::: Data shown

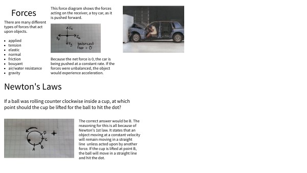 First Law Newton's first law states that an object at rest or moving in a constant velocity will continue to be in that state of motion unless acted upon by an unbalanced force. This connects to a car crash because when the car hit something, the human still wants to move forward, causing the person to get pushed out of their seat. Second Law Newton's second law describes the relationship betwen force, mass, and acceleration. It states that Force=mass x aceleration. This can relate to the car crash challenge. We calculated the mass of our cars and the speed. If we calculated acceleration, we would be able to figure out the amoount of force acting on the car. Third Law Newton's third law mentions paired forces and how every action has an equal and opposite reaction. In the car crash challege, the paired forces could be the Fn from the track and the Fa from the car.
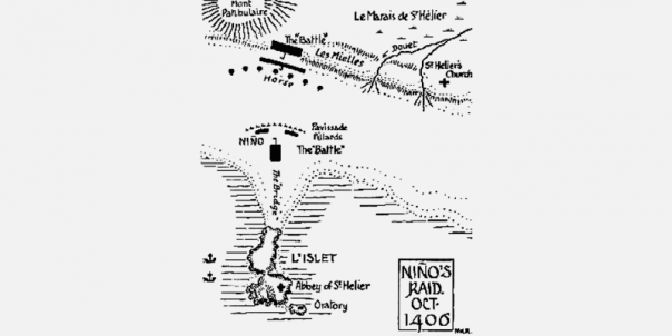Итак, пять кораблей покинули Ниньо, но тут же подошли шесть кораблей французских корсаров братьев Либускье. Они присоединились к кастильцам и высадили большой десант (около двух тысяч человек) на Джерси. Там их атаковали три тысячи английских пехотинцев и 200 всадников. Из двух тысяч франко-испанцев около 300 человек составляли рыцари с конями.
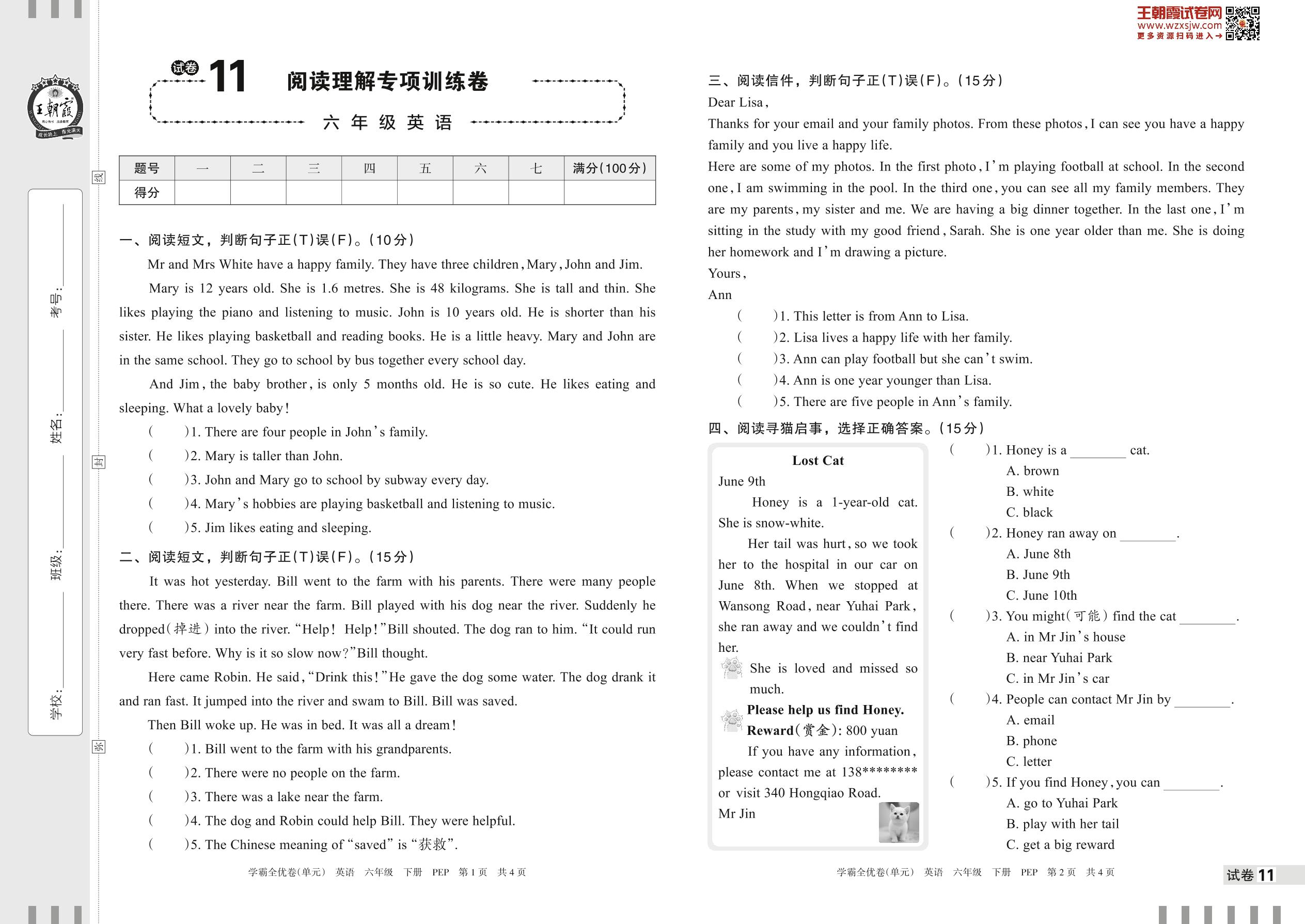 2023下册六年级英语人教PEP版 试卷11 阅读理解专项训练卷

::::::
::: Data shown

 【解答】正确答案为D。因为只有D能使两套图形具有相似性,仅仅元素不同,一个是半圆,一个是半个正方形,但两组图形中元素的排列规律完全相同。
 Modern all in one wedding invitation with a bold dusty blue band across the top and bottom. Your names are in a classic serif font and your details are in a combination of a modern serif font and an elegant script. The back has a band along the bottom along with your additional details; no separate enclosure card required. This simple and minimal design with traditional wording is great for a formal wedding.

::::::

> Activity: Taking the entries above, extract every line from the one bearing "Итак, пять кораблей" through the one bearing "2023下册六年级英语人教PEP版 试卷11 阅读理解专项训练卷", exactly, with no pictures.

> Exercise output:
Итак, пять кораблей покинули Ниньо, но тут же подошли шесть кораблей французских корсаров братьев Либускье. Они присоединились к кастильцам и высадили большой десант (около двух тысяч человек) на Джерси. Там их атаковали три тысячи английских пехотинцев и 200 всадников. Из двух тысяч франко-испанцев около 300 человек составляли рыцари с конями.
 2023下册六年级英语人教PEP版 试卷11 阅读理解专项训练卷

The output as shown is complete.